Tensions between military and civilians are not instances of bad-seed soldiers, but rather appear to be organized movements. The military apparatus is involved in organized abuse of the public. Soldiers from 8.15 training camp in Eunpa-gun, North Hwanghae Province, looted food from a local town: their commanding officers at the battalion station gave the order. Although the townspeople filed a complaint and the looting was deemed a crime3 the fact remains: structural violence in North Korea is organized through the military. The Rodong Shinmun claims that “unity” between the military and the public is an “endless source of strength.”4 But relations between military and civilians in North Korea appear divisive, or at least resentful.
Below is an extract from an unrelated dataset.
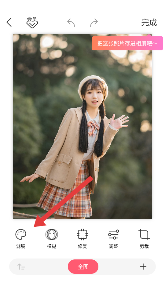 3、在图片编辑页面,点击底部功能栏中的滤镜选项,选择喜欢的滤镜效果。
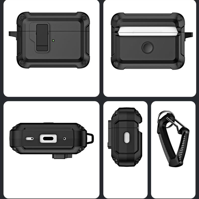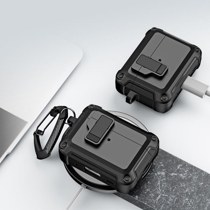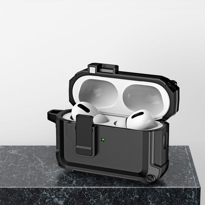 AirPods Pro (Gen 2) (USB-C) / Pro 2 Schokbestendige TPU+PC behuizing Bluetooth oordopjes Oplaadhoes met gesp - Zwart

Complying with the demands of soldiers, or someone wearing such a uniform, is a part of preserving life for people in North Korea.5 Human rights violations experienced by defectors, where they could identify the occupation of the perpetrator, were largely attributed to State Security Agency (SSD) officials, followed by the military.6


When categorized by occupation, few North Korean defectors are former SSD officers, and until recently the same was true of military personnel; but increasingly military defectors are appearing in South Korea. At present count there are 635.7 Currently, Lee and Chung’s 2012 KINU study is the only research that directly researches the experiences of this population group. Their study is incisive, exploring desertion from the military and disclosure of classified information; two areas of agency slack that were moderately present, but by far the greatest issue was by abuse of the public. New Focus International identified how North Korean KPA soldiers joke that it is not so much a Military First Policy, as a Sex-First Policy in North Korea.8 With reference to STDs, sexual abuse of women and “KPA” babies, as they are called, born of civilian women and military men, it makes one wonder if such word-play anecdotes signal tensions within the military itself that have leaked into the military-civilian realm?

The KPA is like a small archipelago state within North Korea with various unequal geographies and hierarchies.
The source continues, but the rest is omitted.